◆ Goal of the exercise
Copy out the listing that follows exactly, dropping every picture.

--- Data segment Enclosed Below ---

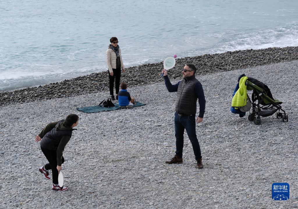 1月3日,人們在法國南部城市尼斯的海邊休閑。
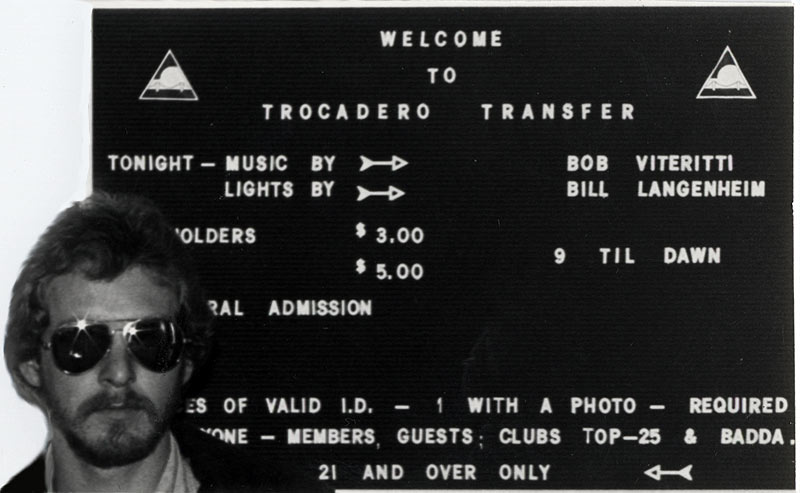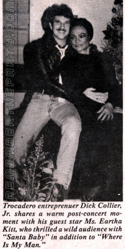 The lovely Eartha Kitt onstage at the Troc New Year's Eve 1983. She was carried onstage by two muscle men much to the crowd's delight. Eartha performed Santa Baby and her brand new hit Where Is My Man co-written by Bruce Vilanch. Upper right in the DJ booth is Dick Collier in the pink tie and manager David Caruso. The DJ that night was Mike Lewis who played BearEssense's The Big Hurt immediately after Eartha's set.
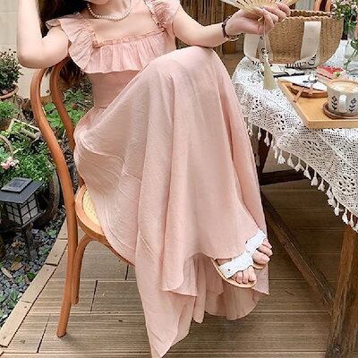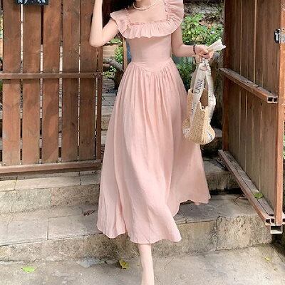 甘い 優しい ピンク プチスリーブ ワンピース レディース ピコットフリル スクエアネック ロングワンピース ウエスト絞り スカート

--- End of Enclosed Data segment ---

◆ Response to the task
 1月3日,人們在法國南部城市尼斯的海邊休閑。
 The lovely Eartha Kitt onstage at the Troc New Year's Eve 1983. She was carried onstage by two muscle men much to the crowd's delight. Eartha performed Santa Baby and her brand new hit Where Is My Man co-written by Bruce Vilanch. Upper right in the DJ booth is Dick Collier in the pink tie and manager David Caruso. The DJ that night was Mike Lewis who played BearEssense's The Big Hurt immediately after Eartha's set.
 甘い 優しい ピンク プチスリーブ ワンピース レディース ピコットフリル スクエアネック ロングワンピース ウエスト絞り スカート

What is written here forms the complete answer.